*** Task input ***

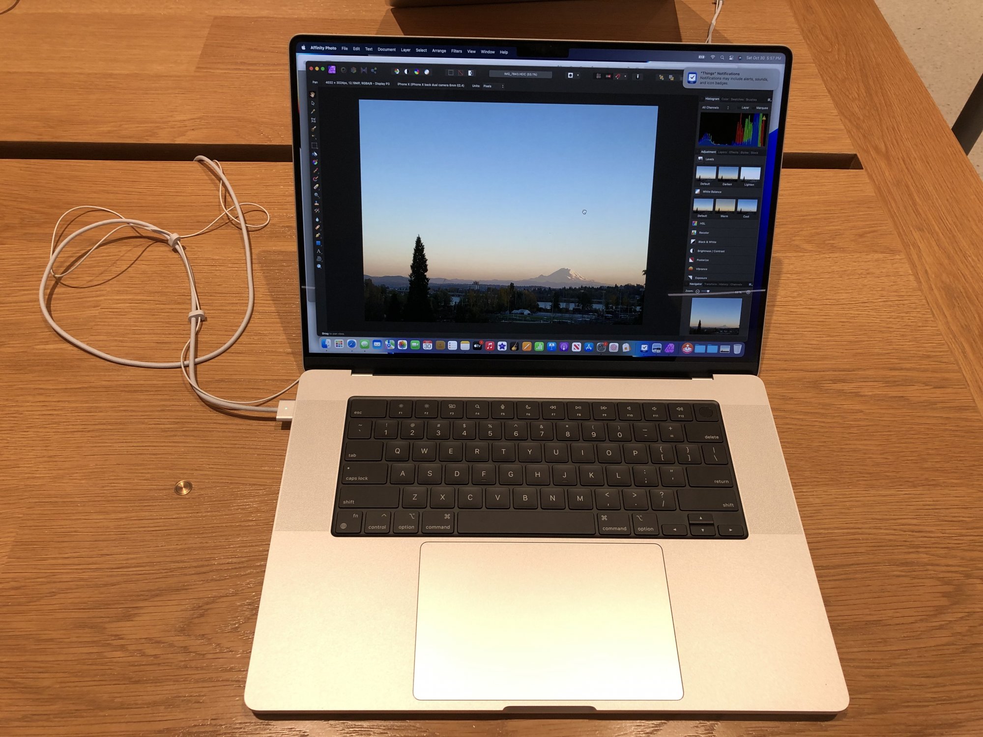As for my adventure, I did some ridiculous comparisons, but first, my experience with the 2021 MacBook Pro. Its, ok, I guess and I did spend quality time with it, lifting it up, feeling the aluminum texture, closing and opening the lid. Its naturally heavy, not unbearable heavy (this was the 16 inch by the way). It is a big device, but wouldn’t consider it too big to walk around with it. I airdropped a photo from my phone over to it and played around with it a bit in Affinity Photo editor. I didn’t do any bench marks, YouTube has all the answers to that, this was more of a hands on experience.
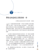 第三點是本書的一大重點,那就是教你怎麼和他人介紹自己的投資機會。這並不是每個人都有的需求,卻是一個值得深入學習的方法。因為當你寫下自己的投資方法時,不僅能報告給別人看,在整理的過程中,也能很有條理、很有邏輯的梳理自己的想法,進而更了解自己的想法。
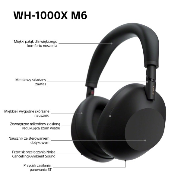 Бездротові навушники Sony WH-1000XM6 ANC Bluetooth 5.3 black
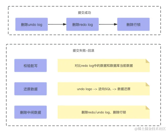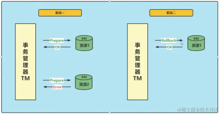- 参与者收到提交请求后,如果之前的准备阶段执行成功,它们会正式提交事务并释放资源。如果有任何一方准备或提交失败,所有参与者将回滚事务(rollback),确保一致性。
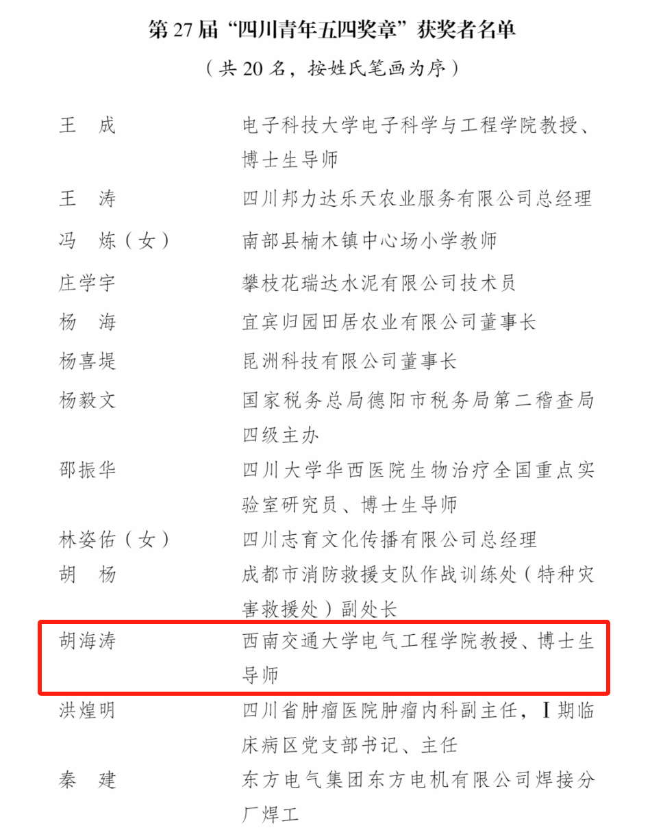 在五四青年节到来之际,为表彰先进、树立典型,共青团四川省委、四川省人力资源和社会保障厅决定进行第27届“四川青年五四奖章”、四川省“两红两优”表彰。其中,公司团委荣获“四川省五四红旗团委”称号,胡海涛教授荣获第27届“四川青年五四奖章”。

*** End of Task input ***

• Problem to work on
If a picture sits between the line containing "第三點是本書的一大重點,那就" and the line containing "- 参与者收到提交请求后,如", leave it out, and return the lines of that range above exactly, both ends included.

• Exercise response
 第三點是本書的一大重點,那就是教你怎麼和他人介紹自己的投資機會。這並不是每個人都有的需求,卻是一個值得深入學習的方法。因為當你寫下自己的投資方法時,不僅能報告給別人看,在整理的過程中,也能很有條理、很有邏輯的梳理自己的想法,進而更了解自己的想法。
 Бездротові навушники Sony WH-1000XM6 ANC Bluetooth 5.3 black
- 参与者收到提交请求后,如果之前的准备阶段执行成功,它们会正式提交事务并释放资源。如果有任何一方准备或提交失败,所有参与者将回滚事务(rollback),确保一致性。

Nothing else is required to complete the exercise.